The book’s fact-based focus is quite a departure for the 55-year-old Russell, who has written nine previous books during the past 15 years, all in the genre of “fantasy fiction.” First published in the United States, they are also available in eight languages world-wide, with one version awarded France’s Imaginale Award for best fantasy novel in translation.

Asked why this latest creation is so different from his usual Tolkien-like tales, Russell says, “I guess I needed a break from what I had been doing before. Besides, I have a collection of over 500 books on sailing and history, which started me thinking about doing a straight historical novel for about five years before I tackled writing one.”

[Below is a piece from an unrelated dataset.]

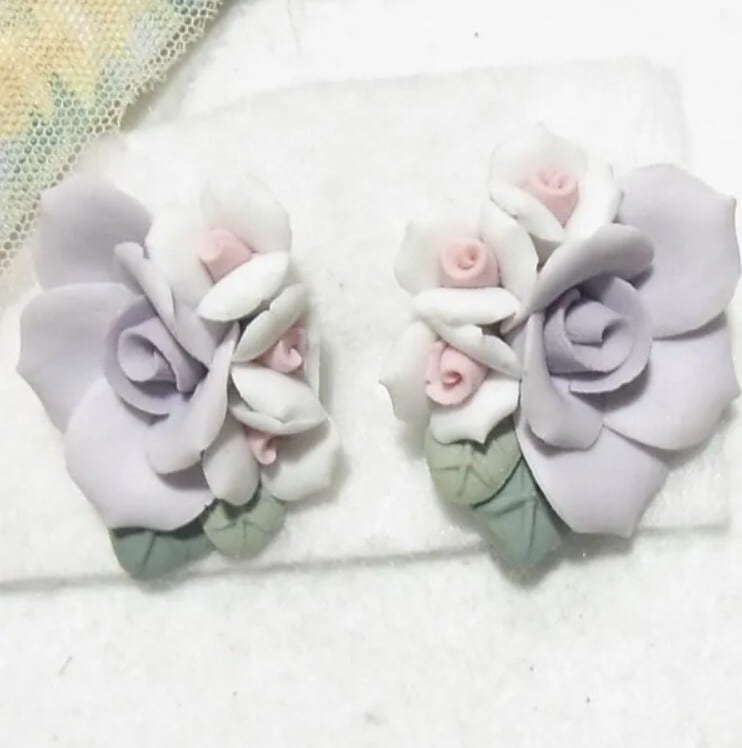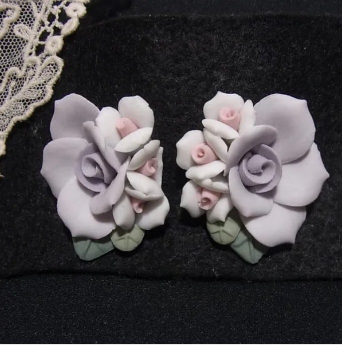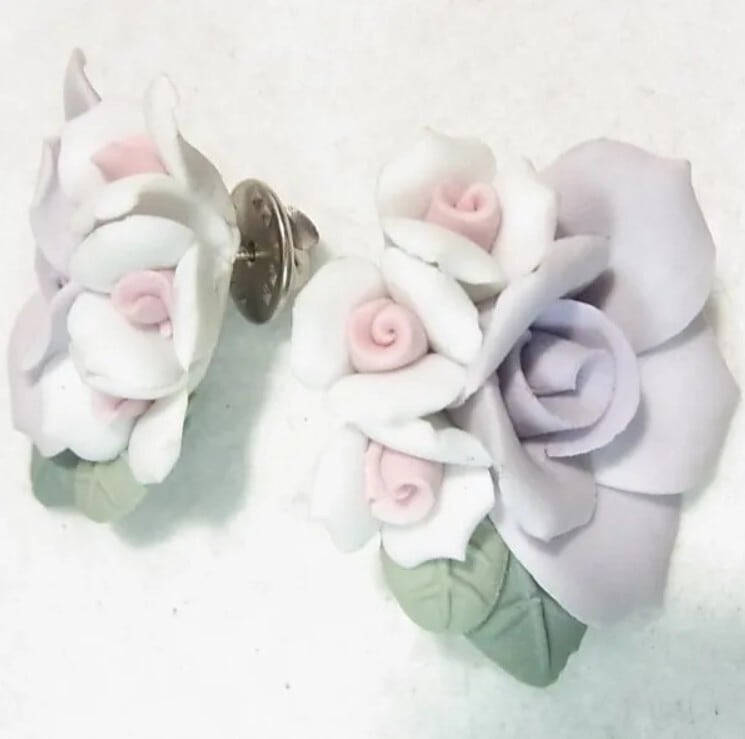 ●オールドストック新品 ●陶器製フラワーブローチ(ピンズ式)2個セット 清楚な良いムード、きれいです

“I am a great admirer of John le CarrĂ©, who writes really a hybrid of a genre novel and a literary novel. So I wanted to emulate the way he writes genre novels that also have some literary merit. Also, I am absolutely enthralled by the language of the 18th Century, not just the speech of sailors but of everyday people as well back then. I really wanted to capture their rich, vibrant language, and long, lyrical sentences in a novel. The Oxford English Dictionary became my friend during the two years I was writing ‘Under Enemy Colors.’ Incidentally, my US publishers insisted on using the American spelling of ‘Color’ on the cover title, even though the entire text throughout uses my original British-style spelling.”

To compose a meticulously accurate account, Russell drew on his personal knowledge of sailboat racing and nautical lore, spent five weeks travelling in England and France familiarizing himself with details of various locations, and added more volumes to his already extensive reference library. The result is a salty tale of naval derring-do that also includes enough introspection about the morality of war, divided loyalties, and sympathy for the enemy, to appeal to readers as much interested in the clash of ideas as the crash of cannon.

Russell enthuses, “The story takes place soon after the revolutions in America and France, which brought about huge social changes everywhere. It was a fascinating watershed in human affairs, outcomes of the writings of egalitarian thinkers like Thomas Paine about the rights of man. I wanted to go back to look at that turbulent period, and shrink the concept of revolution itself down to the size of a single ship. It let me look at the characters, circumstances, and emotions of revolutionaries who typically incite a mutiny.

The novel’s protagonist, Lt. Hayden, has the leadership qualities worthy of a Master and Commander, but his promotion is held back by lack of political connections, and having a French mother which opens him to unfounded suspicion of divided loyalties. So instead he is posted to HMS Themis, under the orders of cowardly Capt. Josh Hart, whose arrogance and harsh discipline soon drives his crew to mutiny.

With all that tension aboard, the frigate is also soon in the thick of dangerous storms, coastal patrols, and bloody sea-battles. Along the way, Haydon confronts his dastardly captain and settles a crew of violent mutineers, slips ashore in France on a secret spying mission, plus becoming romantically smitten with a delightful young Englishwoman along the way.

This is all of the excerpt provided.